The State Department had listed the Mojahedin under so many aliases and so many designation categories that it took 54 individual paragraphs to scrub every mention of the group as a terrorist organization. The de-listing covers not just the parent Mojahedin-e Khalq, but also such subsidiary organizations as the National Council of Resistance, the National Liberation Army of Iran and the Muslim Iranian Students Society.
The de-listing means the Mojahedin-e Khalq can now operate openly in the United States and resume its fund-raising operations. It also means that its funds—frozen in 1997 when it was first put on the FTO list—are now freed and returned to the group. Those funds totaled $120,488 as of the end of last year, including interest earned since the assets were frozen.
In Auvers-sur-Oise, outside Paris, where the Mojahedin maintain their international headquarters, Maryam Rajavi, the co-leader of the group gave a rare interview Friday to the Associated Press.
She said she hopes the organization can now have the ear of the world’s diplomats to help bolster its bid to overthrow Iran’s clerical regime. She stressed that its goal was to replace the Islamic Republic with a democratic government.
“It now has become evident for everyone that these [terror] allegations were untrue,” she said, mischaracterizing what the State Department said.
Rajavi, 58, denied charges by critics that her group has all the earmarks of a cult, blaming Iran for such allegations, although the cult charge has been leveled mainly in the Iranian expatriate community.
“All the energy and potential of our movement were chained” during the 15 years the Mojahedin-e Khalq was listed by the United States as a terrorist organization, she said.
“The diplomatic scene will be completely different” because the group’s status as a pariah will evaporate, she said. But “the most important impact … will be seen inside Iran.
“The balance of power is going to change. For example, the first message for the Iranian people will be that they won’t fear increasing their activity and increasing their demonstrations,” she said. The fear “will evaporate … and that will lead to the expansion of anti-regime activities within Iran.”

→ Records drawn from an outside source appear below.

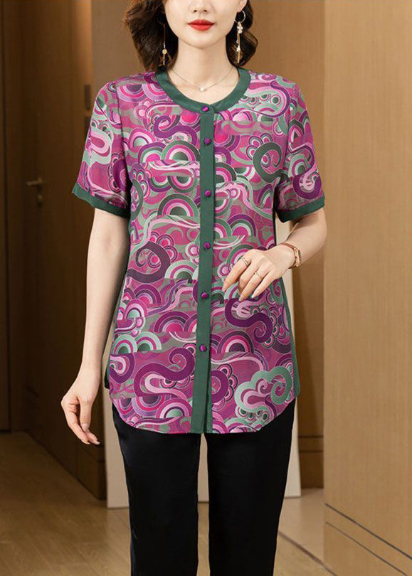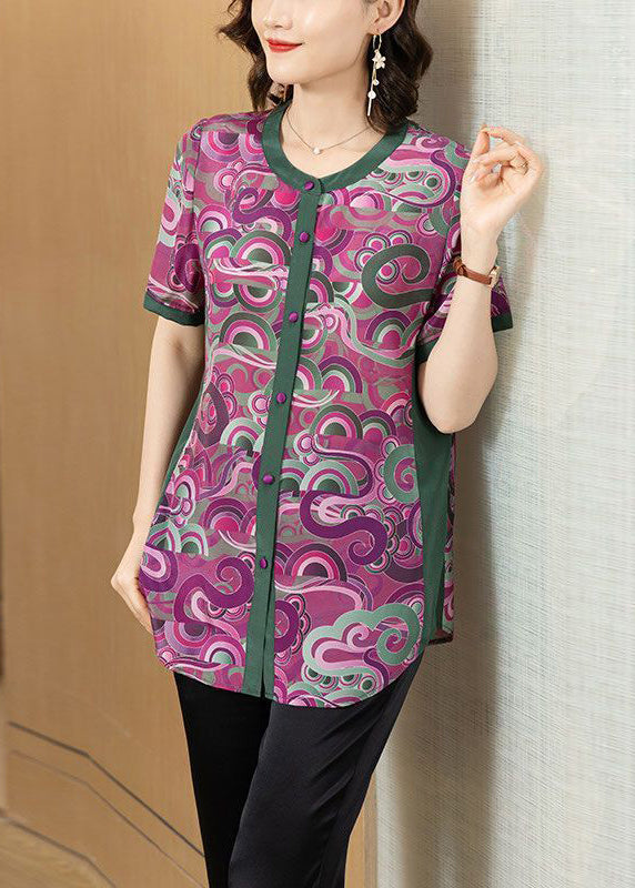 New Purple O Neck Print Button Patchwork Silk Shirt Summer
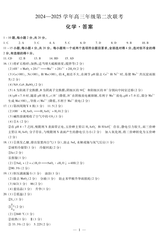 山东省齐鲁名校2024-2025学年高三年级第二次联考+化学答案
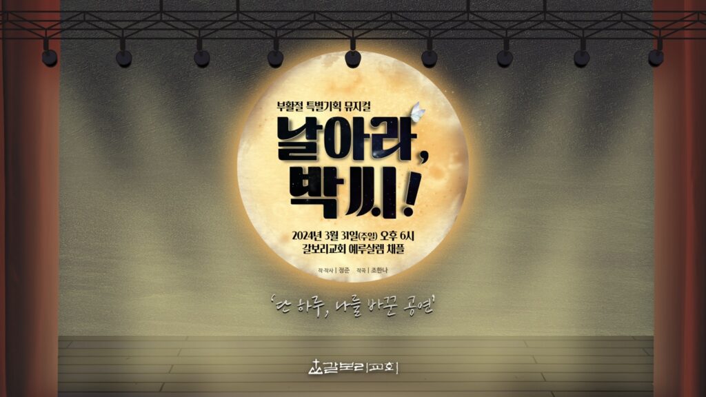 2024년 뮤지컬 “날아라박씨” 공연이 2주 앞으로 다가왔습니다.지난해 많은 이들의 마음을 감동시킨 뮤지컬 날아라 박씨가 부활절인 3월 31일 오후 6시, 예루살렘…
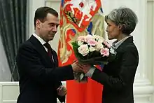 Haigneré receives the Medal "For Merit in Space Exploration" from Russian President Dmitry Medvedev on 12 April 2011 at the Moscow Kremlin
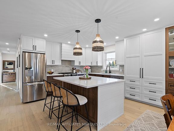 Welcome to this stylish and personality-filled 3+2 bedroom, 2 bathroom home offering approximately 1400 square feet of beautifully finished main floor living space plus a fully finished basement. From the moment you step inside, you'll notice the light-toned hardwood flooring that flows seamlessly throughout the main level, creating an inviting and airy feel. The recently renovated custom kitchen is truly a showpiece, featuring a large island with extra storage, quartz countertops, a stunning glass tile backsplash, boho lighting and thoughtfully designed cabinetry with modern conveniences. The open-concept layout connects the kitchen to both the living room and the bright three-season sunroom, perfect for morning coffee or quiet evenings overlooking the backyard. The dining area exudes modern charm, complete with a striking feature wall and space for a cozy coffee bar setup. Each of the three main-floor bedrooms is generously sized and tastefully decorated with accent walls that add warmth and character. The main bathroom is a spa-like retreat, offering a freestanding soaker tub and a walk-in glass shower. Downstairs, the fully finished basement extends your living space with a spacious rec room featuring a gas fireplace - ideal for movie nights or family gatherings - along with two additional bedrooms and an updated second bathroom. Outside, enjoy the large backyard with a hot tub, fire pit, and plenty of space for entertaining or relaxing under the stars. The attached double garage adds convenience, and the home is located in an excellent family-oriented neighborhood just minutes from Cornwall - the perfect blend of modern comfort and small-town charm. 48 hour irrevocable on all offers.
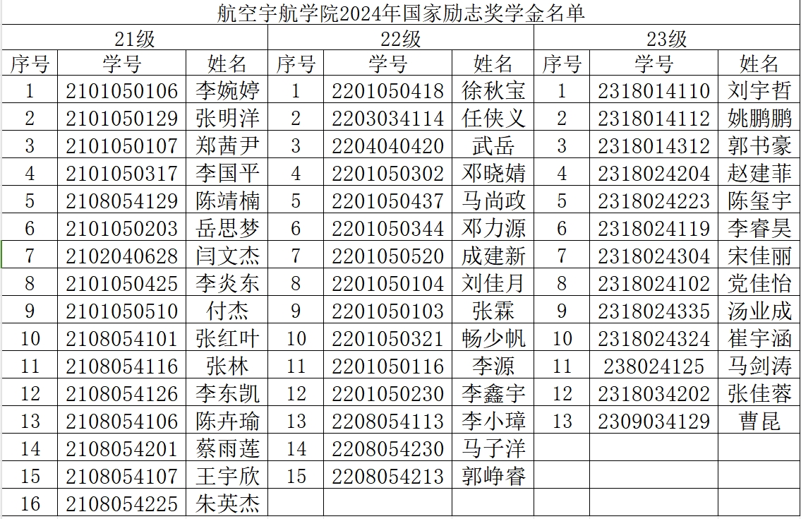 各班级成立了班级国家励志奖学金评议小组,开展了国家励志奖学金评议工作。依据学校分配名额,经学生个人申请、班级评议、班级公示、学院评议,最终推选出44名学生参与国家励志奖学金评选申报,推荐名单如下:

With a clean bill of health in the West, the Iranian regime “will no longer have the excuse” of acting against an organization deemed terrorist by the United States.
Maryam Rajavi is officially the co-leader of the organization along with her husband, Masud Rajavi, who was among the organization’s founders in the 1970s.
A veil of mystery surrounds Masud Rajavi. He was last reportedly seen early in 2003, shortly before the United States invaded Iraq and captured all the Mojahedin bases. There is speculation he is dead, but Maryam Rajavi told the AP he is alive, although she would not say where he is living.